Je crains que la plus merveilleuse et raisonnable des AMs pourra tomber dans le piège du "toujours plus", en particulier si elle n'en n'a pas eut l’expérience encore car tant que tu n'as pas essayé tu ne peux être certain de savoir si ça coince ou pas. 
Or au moment où ça coince ce sont bien les petits qui en sont les premières victimes. 
En prime sommes nous alors si capables d'admettre que nous n'y arrivons pas autant que nous devrions??? 
Bref je pense que ce n'est en effet pas du tout facile pour la PMI de déterminer si une personne saura par elle même ne pas se mettre en difficulté avec par exemple un PE qui insiste pour nous demander d'en faire plus qu'initialement ou même, tiens, la PMI elle même qui est prête à te proposer une dérogation pour aller jusqu'à 5 (5!) pour que tu accepte de prendre des jumelles à temps partiel, employée par le CD pour du soutient pédagogique: c'est hyper valorisant, difficile de refuser car crainte aussi de comment prendra la PMI ce refus... 
Tout ça pour dire que nous avons toujours l'idée que notre demande est raisonnable (sinon on ne l'envisagerait pas) mais est ce toujours le cas? De plus la PMI qui donne un avis favorable pour une 4eme place ne pourra que très difficilement faire machine arrière ensuite alors oui c'était courru d'avance, je l'ai dit il y a plus de 6 mois que les PMI allaient obligatoirement être beaucoup plus frileuses à accorder la 4eme place avec la levée de la restriction d'âge, et c'est assez logique. 
N'oublions pas non plus que les restrictions d'âge ne sont apparues qu'avec la 4eme place. 
Pourtant une AM qui prendrait 3 bébés qui ne marchent pas peut la mettre plus difficulté que si elle en a 2 qui marchent + 2 qui ne marchent pas. 
Par contre si ton projet est 3 qui ne marchent pas + 1 qui marche, là, je crains qu'il soit bien difficile de convaincre que ça ne soit pas trop...
Encore une fois, fais un courrier, reprends point par point ce qu'on te demande pour démontrer que tu sais ce que tu fais et demander confirmation écrite concernant la 4eme place.
Bon courage.


----------



## assmatzam (23 Décembre 2022)

Oui nous ne sommes pas toutes comme ça fort heureusement 

Mais même si il n'y a qu'un très faible pourcentage d'am qui ne sont pas capables de s'auto évaluer sur leur capacité cela peut conduire à des situations difficiles et dramatique

Et surtout nuire aux professionnalisme des autres


----------



## RBK81 (23 Décembre 2022)

Et oui nous ne sommes pas toutes "raisonnables" malheureusement.
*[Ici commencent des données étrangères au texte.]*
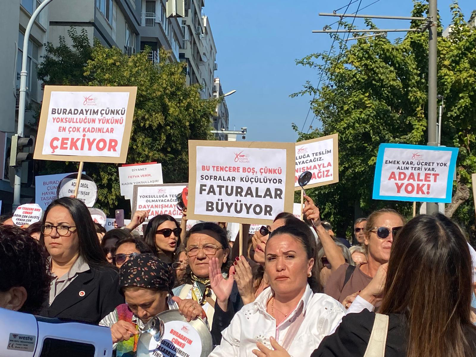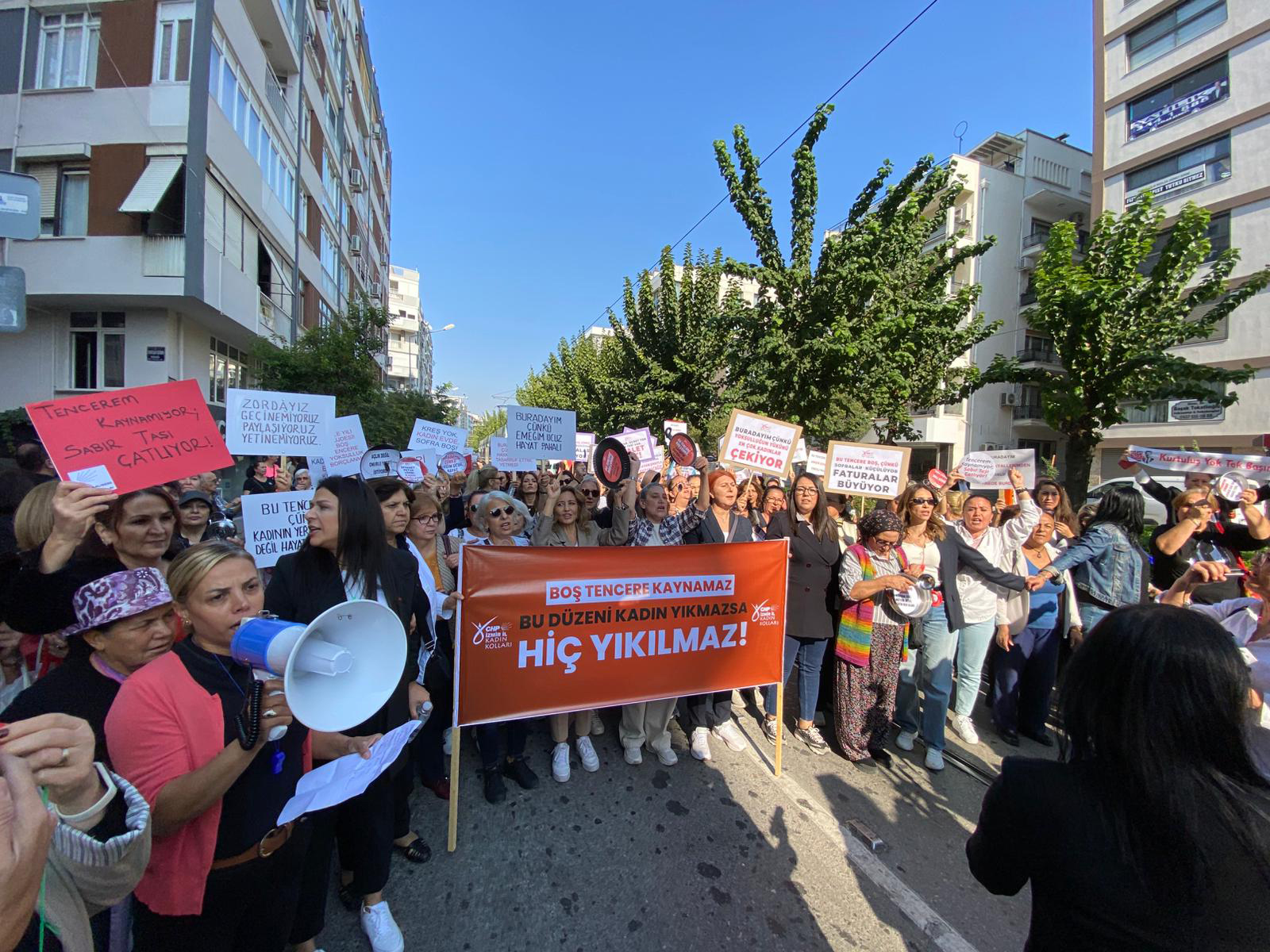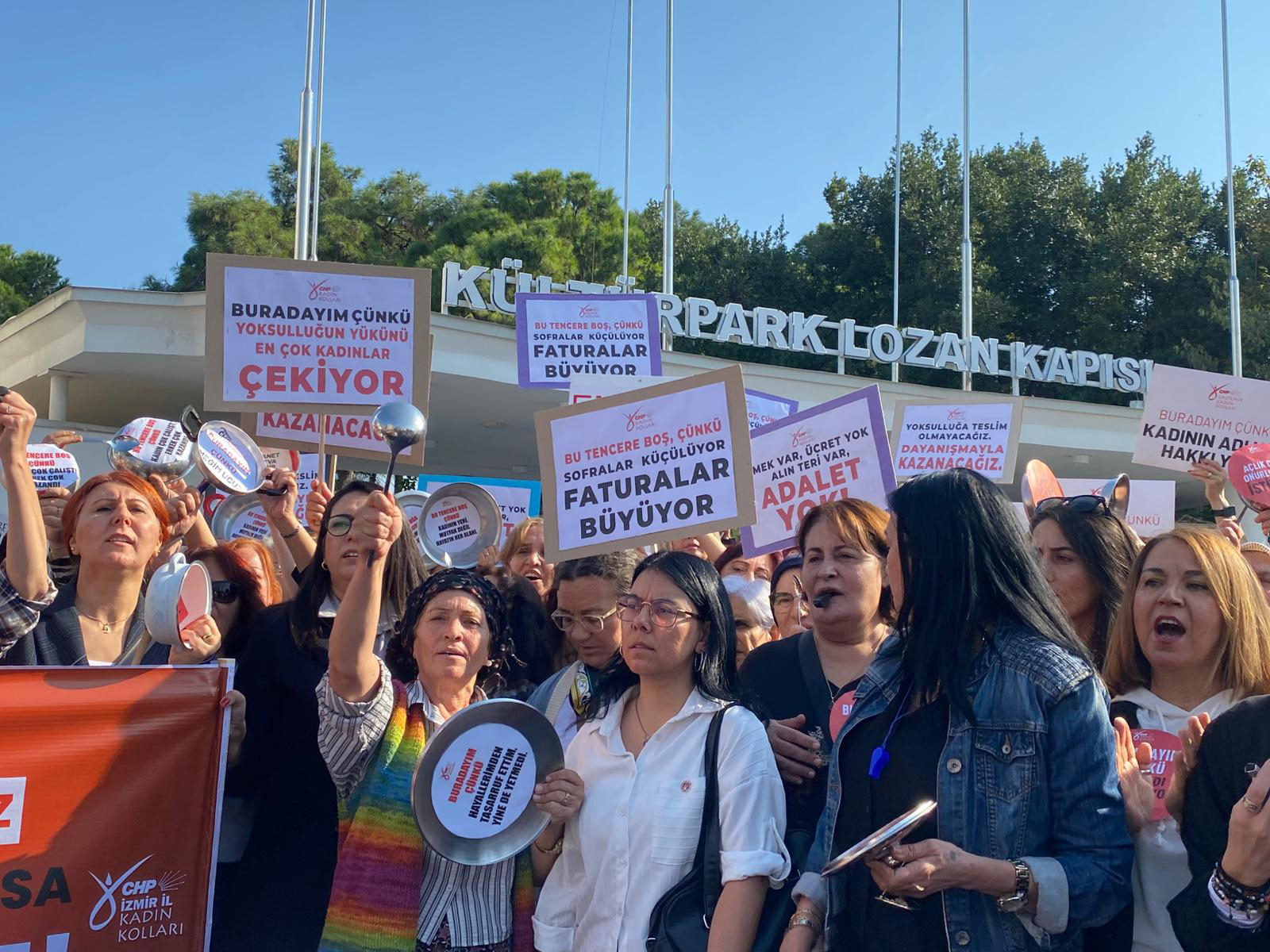 SONKALEİZMİR- Boş tencereler ve dövizler taşıyan kadınlar CHP İzmir İl Başkanlığı'ndan yürüyüşe başlayarak Kültürpark Lozan Kapısı önüne geldi. Burada toplanan kadınlar “Sarayda lüks, sofrada yokluk”, “Tencerem kaynamıyor, sabır taşı çatlıyor”, sloganları atarak oturma eylemi gerçekleştirdi.

J'ai fait ma demande de 4eme place au printemps en expliquant que je ne voulais pas plus de 2 bébés non marcheurs, la PMI me l'a accordé avec restrictions d'âge (2 de plus de 18 mois) aucun soucis pour moi, je trouve cela totalement normal 🤗


----------



## Nanouhas (23 Décembre 2022)

Et qu’est ce que vous pensez du fait qu’elle  ne m’a pas répondu du refus par écrit.. car la lettre que j’ai reçu c’est juste un rappel de consigne et non un refus pour demande de 4 eme place.. je pense qu’il y a toujours une durée limite sinon c’est accordée d’office


----------



## Griselda (23 Décembre 2022)

Je ne pense pas que tu puisses jouer sur "c'est accordé d'office" car ton Agrément valable aujourd'hui dit "3 places", pas 4, tu serais donc dans l’illégalité tant que tu n'as pas en main un Agrément indiquant 4 places. Certes elle n'a pas de preuve écrite qu'elle t'a répondu "defavorable" mais tu n'as pas de preuve écrite non plus qu'elle te l'a accordé et surtout, tu sais et elle sait aussi qu'elle t'a répondu par téléphone. Le faire par defaut avant d'avoir un écrit clair serait jouer avec le feu, tu risquerais ton Agrément entier.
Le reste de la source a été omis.